### The task
Transcribe each record exactly, but omit pictures.

(Items from a dataset)
>>
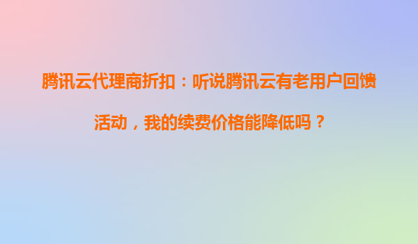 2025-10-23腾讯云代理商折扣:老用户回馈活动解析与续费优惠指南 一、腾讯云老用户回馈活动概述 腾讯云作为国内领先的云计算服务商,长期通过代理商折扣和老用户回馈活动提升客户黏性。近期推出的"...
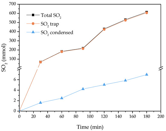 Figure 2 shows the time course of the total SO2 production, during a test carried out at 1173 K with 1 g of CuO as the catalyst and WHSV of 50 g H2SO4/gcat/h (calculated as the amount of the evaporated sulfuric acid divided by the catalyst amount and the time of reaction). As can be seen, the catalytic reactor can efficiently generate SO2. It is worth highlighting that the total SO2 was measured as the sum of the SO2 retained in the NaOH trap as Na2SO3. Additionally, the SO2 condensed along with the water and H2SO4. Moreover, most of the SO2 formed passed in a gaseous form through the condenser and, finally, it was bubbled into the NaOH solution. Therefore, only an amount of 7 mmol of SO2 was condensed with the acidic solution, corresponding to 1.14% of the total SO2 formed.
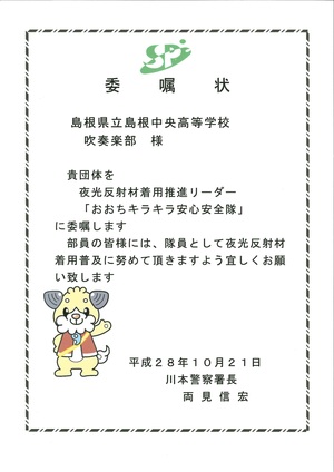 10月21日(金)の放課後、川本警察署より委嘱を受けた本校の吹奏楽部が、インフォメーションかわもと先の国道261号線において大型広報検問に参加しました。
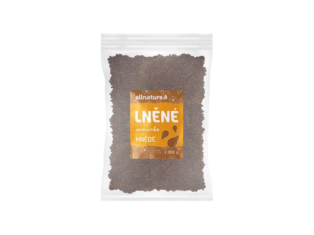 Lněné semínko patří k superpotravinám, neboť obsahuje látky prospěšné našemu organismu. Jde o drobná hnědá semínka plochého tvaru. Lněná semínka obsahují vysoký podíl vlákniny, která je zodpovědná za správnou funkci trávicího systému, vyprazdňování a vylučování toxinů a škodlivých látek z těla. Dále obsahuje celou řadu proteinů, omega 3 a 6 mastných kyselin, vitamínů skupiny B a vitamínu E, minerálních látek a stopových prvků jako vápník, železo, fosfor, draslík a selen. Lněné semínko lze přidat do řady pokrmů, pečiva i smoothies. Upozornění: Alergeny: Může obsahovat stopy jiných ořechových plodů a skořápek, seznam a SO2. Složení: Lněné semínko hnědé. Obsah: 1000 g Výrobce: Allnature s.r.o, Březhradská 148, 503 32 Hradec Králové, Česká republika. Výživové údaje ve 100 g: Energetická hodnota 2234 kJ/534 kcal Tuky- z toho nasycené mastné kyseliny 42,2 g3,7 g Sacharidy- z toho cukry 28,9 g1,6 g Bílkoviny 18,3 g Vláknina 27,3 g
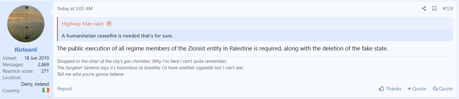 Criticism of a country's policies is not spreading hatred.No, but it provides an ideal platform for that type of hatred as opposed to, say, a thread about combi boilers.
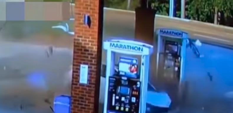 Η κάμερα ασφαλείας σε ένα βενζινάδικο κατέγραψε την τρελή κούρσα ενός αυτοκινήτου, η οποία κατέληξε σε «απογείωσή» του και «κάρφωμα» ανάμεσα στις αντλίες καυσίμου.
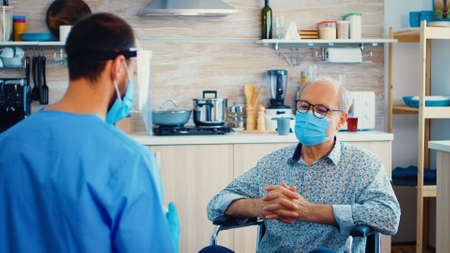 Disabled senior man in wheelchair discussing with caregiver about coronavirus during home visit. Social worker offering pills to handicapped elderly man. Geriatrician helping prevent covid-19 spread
<<
### Answer to this task
 2025-10-23腾讯云代理商折扣:老用户回馈活动解析与续费优惠指南 一、腾讯云老用户回馈活动概述 腾讯云作为国内领先的云计算服务商,长期通过代理商折扣和老用户回馈活动提升客户黏性。近期推出的"...
 Figure 2 shows the time course of the total SO2 production, during a test carried out at 1173 K with 1 g of CuO as the catalyst and WHSV of 50 g H2SO4/gcat/h (calculated as the amount of the evaporated sulfuric acid divided by the catalyst amount and the time of reaction). As can be seen, the catalytic reactor can efficiently generate SO2. It is worth highlighting that the total SO2 was measured as the sum of the SO2 retained in the NaOH trap as Na2SO3. Additionally, the SO2 condensed along with the water and H2SO4. Moreover, most of the SO2 formed passed in a gaseous form through the condenser and, finally, it was bubbled into the NaOH solution. Therefore, only an amount of 7 mmol of SO2 was condensed with the acidic solution, corresponding to 1.14% of the total SO2 formed.
 10月21日(金)の放課後、川本警察署より委嘱を受けた本校の吹奏楽部が、インフォメーションかわもと先の国道261号線において大型広報検問に参加しました。
 Lněné semínko patří k superpotravinám, neboť obsahuje látky prospěšné našemu organismu. Jde o drobná hnědá semínka plochého tvaru. Lněná semínka obsahují vysoký podíl vlákniny, která je zodpovědná za správnou funkci trávicího systému, vyprazdňování a vylučování toxinů a škodlivých látek z těla. Dále obsahuje celou řadu proteinů, omega 3 a 6 mastných kyselin, vitamínů skupiny B a vitamínu E, minerálních látek a stopových prvků jako vápník, železo, fosfor, draslík a selen. Lněné semínko lze přidat do řady pokrmů, pečiva i smoothies. Upozornění: Alergeny: Může obsahovat stopy jiných ořechových plodů a skořápek, seznam a SO2. Složení: Lněné semínko hnědé. Obsah: 1000 g Výrobce: Allnature s.r.o, Březhradská 148, 503 32 Hradec Králové, Česká republika. Výživové údaje ve 100 g: Energetická hodnota 2234 kJ/534 kcal Tuky- z toho nasycené mastné kyseliny 42,2 g3,7 g Sacharidy- z toho cukry 28,9 g1,6 g Bílkoviny 18,3 g Vláknina 27,3 g
 Criticism of a country's policies is not spreading hatred.No, but it provides an ideal platform for that type of hatred as opposed to, say, a thread about combi boilers.
 Η κάμερα ασφαλείας σε ένα βενζινάδικο κατέγραψε την τρελή κούρσα ενός αυτοκινήτου, η οποία κατέληξε σε «απογείωσή» του και «κάρφωμα» ανάμεσα στις αντλίες καυσίμου.
 Disabled senior man in wheelchair discussing with caregiver about coronavirus during home visit. Social worker offering pills to handicapped elderly man. Geriatrician helping prevent covid-19 spread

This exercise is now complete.